We can see the beginnings of this with single-payer health insurance. In March 2014, a mere 21 percent of Americans supported single-payer health insurance, and only 47 percent said the government has a responsibility to make sure all Americans have health insurance coverage. After Bernie Sanders made this one of his key issues in his 2016 presidential run, it grew to 28 percent support for single-payer in January of this year, and then 33 percent as of a month ago. Support is particularly strong, nearly half, among millennials, regardless of party affiliation. Likewise, around 60 percent of Americans now believe that it is the government’s responsibility to ensure that all Americans are covered by health insurance. Democrats should have seized on the chance to make this an issue, going out and working with progressive groups to convince Americans to finally insure all of us, rather than running scared
Skeptics might note that support for single-payer is currently substantially lower than support for marriage equality was, the stakes are likewise far lower: this is merely an amendment in the midst of an extremely complex health care debate, with the mid-term election over a year away. These conditions actually make support for the amendment more valuable, not less. Given the effects of national politicians endorsing policy and seeking to convince their constituents, support for single-payer could grow substantially over the next 16 months.

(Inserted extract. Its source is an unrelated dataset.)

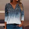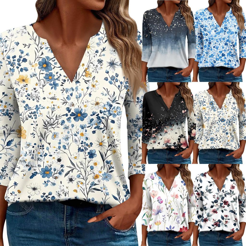 Женская футболка Футболка с принтом Рукав 3/4 Повседневные Выходные Мода Базовый V-образный вырез Обычный топ — купить товар онлайн с бесплатной доставкой до всему миру!

Moreover, though unlikely, it could have passed. Cynics might scoff, but historical precedent demonstrates the possibility. Originally, the Civil Rights Act of 1964 did not prohibit sex discrimination. That change was due to the effort of segregationist Southerners who sought to delay the vote on the Act and fracture the fragile coalition seeking to pass the bill. Many proponents of the Civil Rights Act opposed the amendment, concerned that it would doom the legislation—but it passed regardless. Ironically, many of the “yea” votes were Southern Democrats who believed it would sink the law entirely. When the dust settled, women suddenly found themselves, at last, protected by federal anti-discrimination legislation.

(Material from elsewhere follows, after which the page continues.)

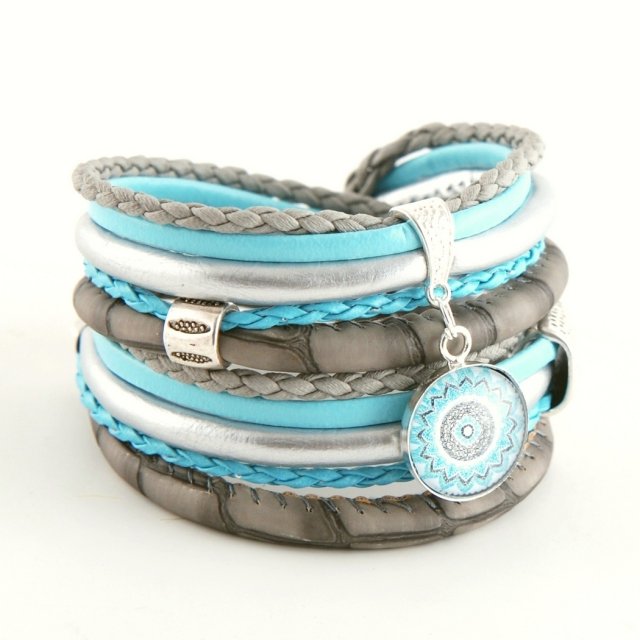 Tagi: #bransoletka z rzemyków, #brasnoletka zwijana, #błękitna, #szeroka bransoletka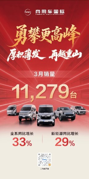 【上汽商用车3月销量全线突破】

Though the facts are not precisely parallel now, the miscalculation by segregationists shows that a simple amendment—the sex amendment was a one-word addition to the bill—designed to implode a more moderate effort, or to embarrass those who support it, can change history. The same could have happened here, if only the Democrats had gathered their courage.
Finally, Americans deserve to know where their representatives stand on single-payer health insurance. A majority of Democrats—52 percent—now support single-payer health care, and it is a priority for many of us. If we are supposed to make educated decisions in the voting booth, if we want to send representatives to Washington who share our values, the fact that congressional Democrats are so shy to discuss, let alone vote, on single-payer militates against our ability to do just that. It is disingenuous at its very best.

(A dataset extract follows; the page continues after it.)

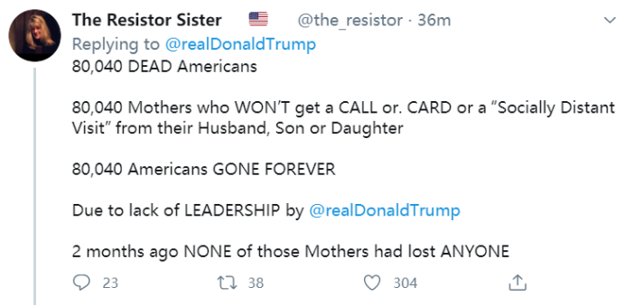此外,由于10日是母亲节,还有网友表示,“80040美国人死了。80040个母亲现在没法收到她们的丈夫、儿子或女儿的一通电话、一张卡片,甚至一次‘符合社交距离的拜访’。80040个美国人永远地走了。都是因为特朗普缺乏领导能力。而2个月前,这些母亲们没有失去任何一位亲人。”

As Democrats, we need to get our act together. It is not enough to reveal the Trump administration to be an omnishambles populated by cretins; we must go further. We must present an agenda that speaks to the problems they face daily; whether the administration has colluded with Russia is of no import to a family worrying about how to afford their medical bills. It is time to say: 22 million uninsured Americans is 22 million too many. Campaign on that. Vote on that. The moment for milquetoast liberalism is over.